Print, word for word, the line containing "This versatile long" and all lines beneath it to the end of the entries below. Pictures do not belong in the copy.

*** Opening Available records ***

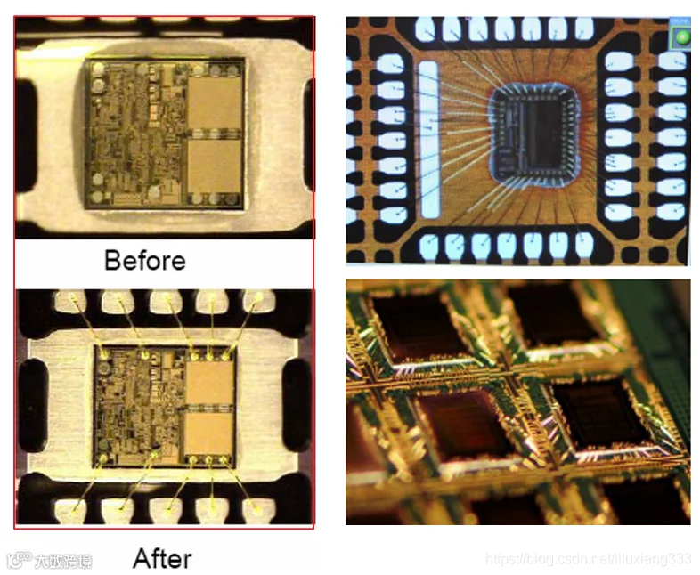 Wire Bonding:即打线(压焊,也称为绑定,键合,丝焊)是指使用金属丝(金线、铝线等),利用热压或超声能源,完成固态电路内部接线的连接,即芯片与电路或引线框架之间的连接。
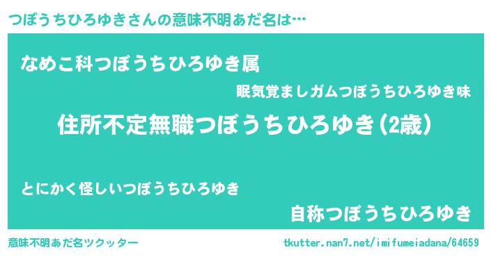 | 胡散臭い通販商品みたいなあだ名 | 『あなたにだけ特別に提供する100年もののヴィンテージワイン…その名も「つぼうちひろゆき」』 |
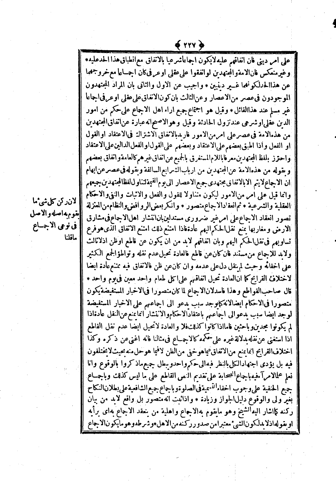 ـــــــــــــــــــــــــــــQعَلَى أَمْرٍ دِينِيٍّ، فَإِنَّ اتِّفَاقَهُمْ عَلَيْهِ لَا يَكُونُ إجْمَاعًا شَرْعِيًّا بِالِاتِّفَاقِ مَعَ انْطِبَاقِ هَذَا الْحَدِّ عَلَيْهِ وَغَيْرَ مُنْعَكِسٍ، فَإِنَّ الْأُمَّةَ وَالْمُجْتَهِدِينَ لَوْ اتَّفَقُوا عَلَى عَقْلِيٍّ أَوْ عُرْفِيٍّ كَانَ إجْمَاعًا مَعَ خُرُوجِهِمَا عَنْ هَذَا الْحَدِّ لِكَوْنِهِمَا غَيْرَ دِينِيَّيْنِ وَأُجِيبَ عَنْ الْأَوَّلِ وَالثَّانِي بِأَنَّ الْمُرَادَ الْمُجْتَهِدُونَ الْمَوْجُودُونَ فِي عَصْرٍ مِنْ الْأَعْصَارِ وَعَنْ الثَّالِثِ بِأَنَّ كَوْنَ الِاتِّفَاقِ عَلَى عَقْلِيٍّ أَوْ عُرْفِيٍّ إجْمَاعًا غَيْرُ مُسَلَّمٍ عِنْدَ هَذَا الْقَائِلِ وَقِيلَ هُوَ اجْتِمَاعُ جَمِيعِ آرَاءِ أَهْلِ الْإِجْمَاعِ عَلَى حُكْمٍ مِنْ أُمُورِ الدِّينِ عَقْلِيٍّ أَوْ شَرْعِيٍّ عِنْدَ نُزُولِ الْحَادِثَةِ.
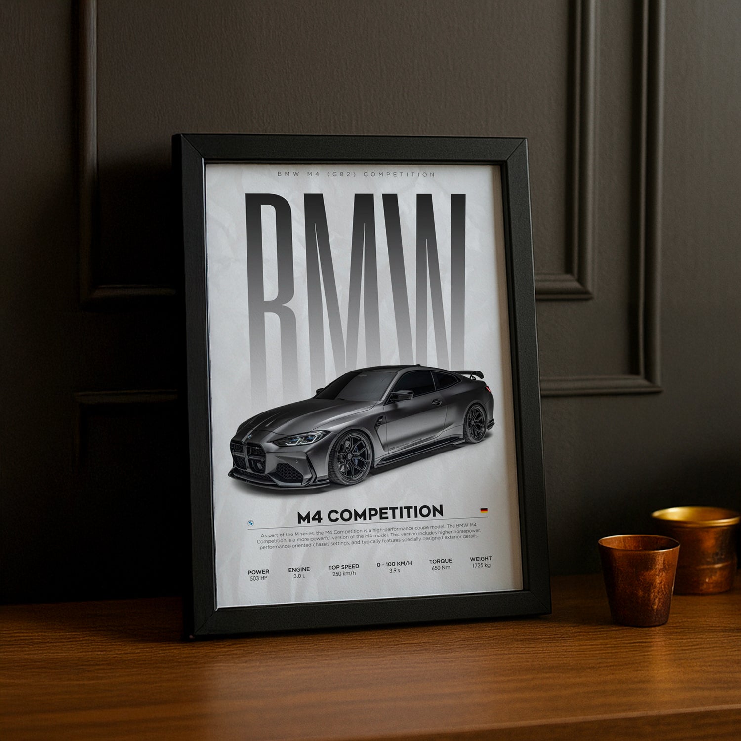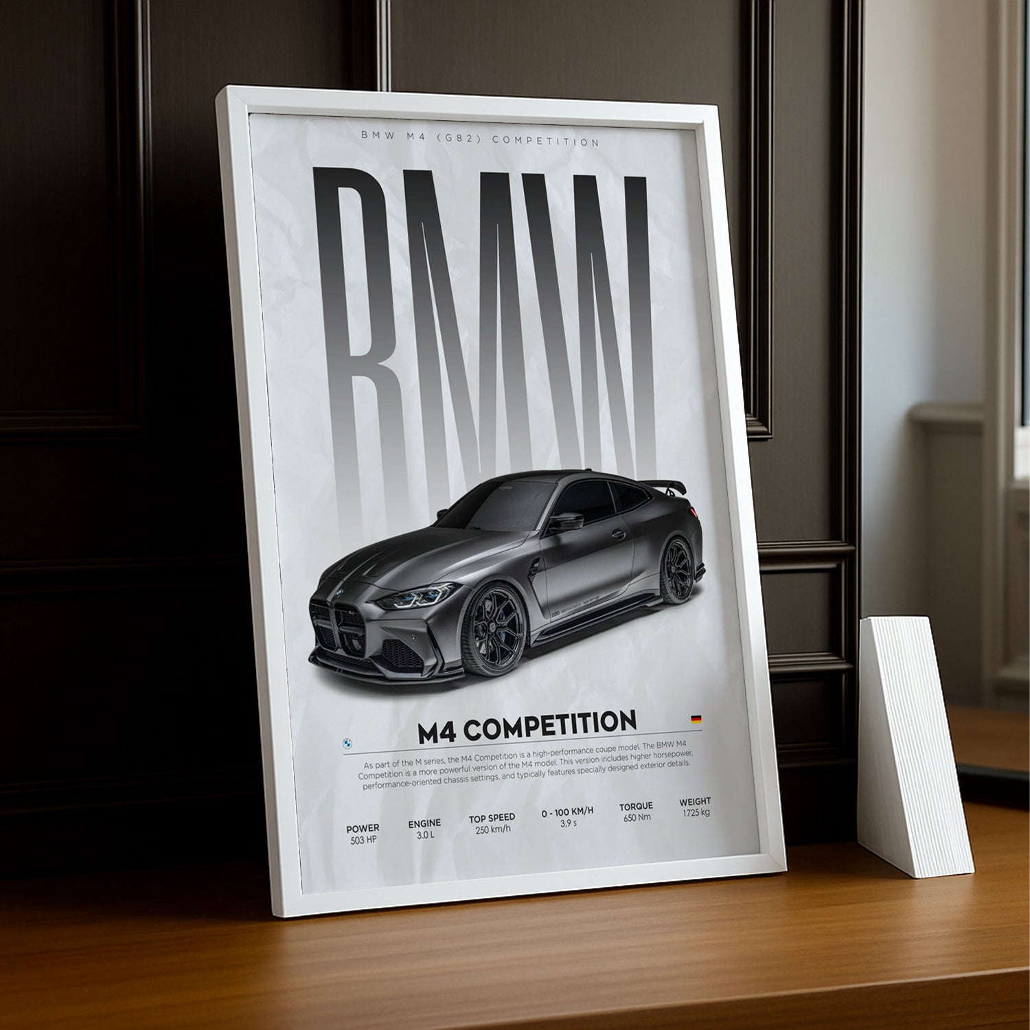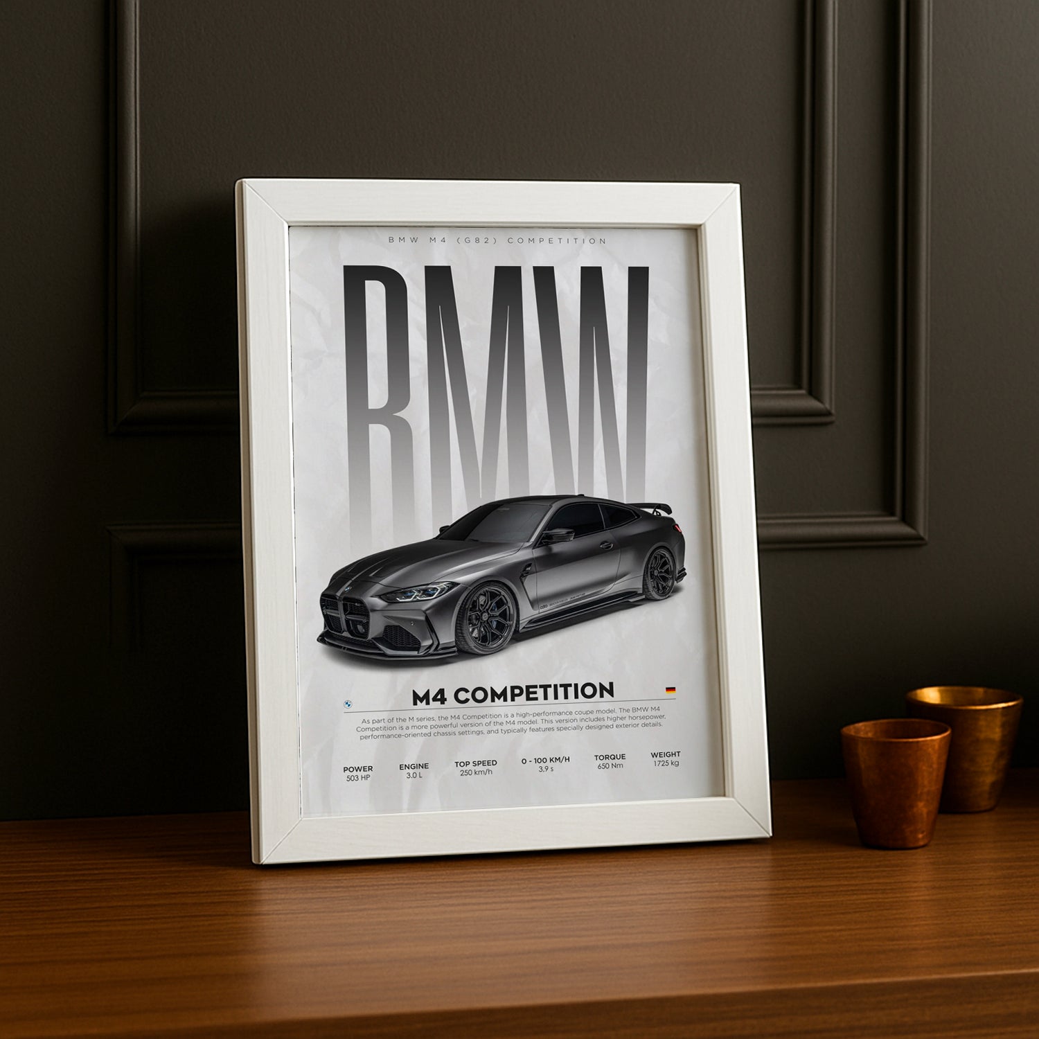 Un Chef-d'Œuvre Pour les Passionnés de Performance et de Luxe Affichez votre admiration pour la BMW M4 Competition avec ce cadre photo époustouflant ! Imprimé en haute définition, chaque détail met en valeur le design agressif, la performance impressionnante et l'élégance de cette voiture sportive de légende. Parfait pour ajouter une touche de vitesse et de sophistication à votre salon, bureau ou garage.
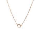 The beautiful spring-like green of a fine round white topaz adds a splash of color and glimmering depth to this classic 14k rose gold necklace. Necklace is 17 inches long and closes with a spring ring clasp. Peridot is 6mm in diameter.
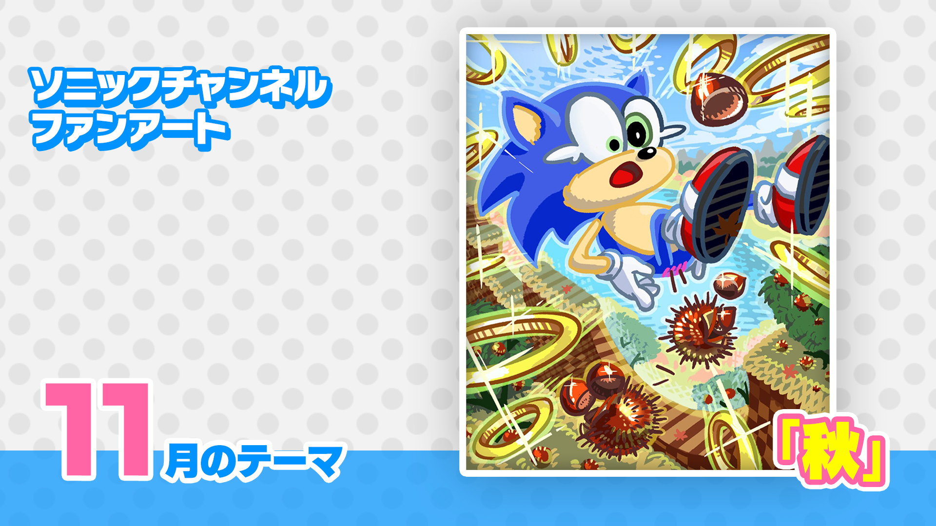 落ちてくる紅葉を受け止めるソニックの動作が、風情があって素敵ですね!画面いっぱいに広がるオレンジ色にも複雑な色味の違いがあり、秋らしさが詰まっています。
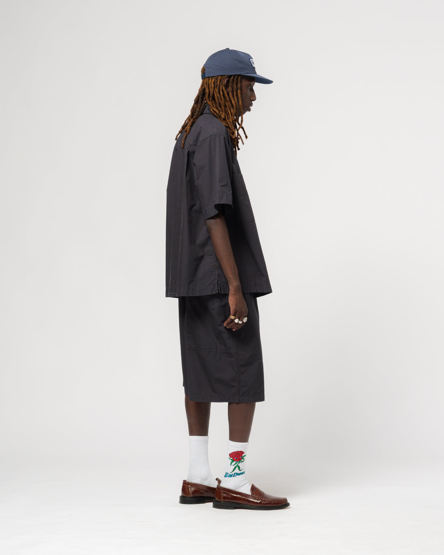 This versatile long overshirt is crafted from a lightweight 100% cotton, offering comfort and ease for everyday wear. Featuring two chest pockets for storage. The short sleeves provide a relaxed fit, making it perfect for layering over tees or worn on its own.
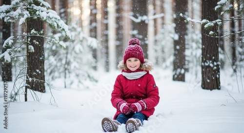 girl, children, children, winter, snow, forest, wood, happy, smiling, joy, cold, outdoors, nature, tree, snowy, frosted, red, coat, hat, mitten, foulard, sitting, play, fun, season, landscape, portrait, cute, adorable, childhood, adventure, explore, park, weather, frost, white, beautiful, peaceful, tranquil, holiday, vacation, leisure, activity, fresh, crisp, bright, sunlight, day, young

*** Closing Available records ***

▶ [Solution to the problem]
 This versatile long overshirt is crafted from a lightweight 100% cotton, offering comfort and ease for everyday wear. Featuring two chest pockets for storage. The short sleeves provide a relaxed fit, making it perfect for layering over tees or worn on its own.
 girl, children, children, winter, snow, forest, wood, happy, smiling, joy, cold, outdoors, nature, tree, snowy, frosted, red, coat, hat, mitten, foulard, sitting, play, fun, season, landscape, portrait, cute, adorable, childhood, adventure, explore, park, weather, frost, white, beautiful, peaceful, tranquil, holiday, vacation, leisure, activity, fresh, crisp, bright, sunlight, day, young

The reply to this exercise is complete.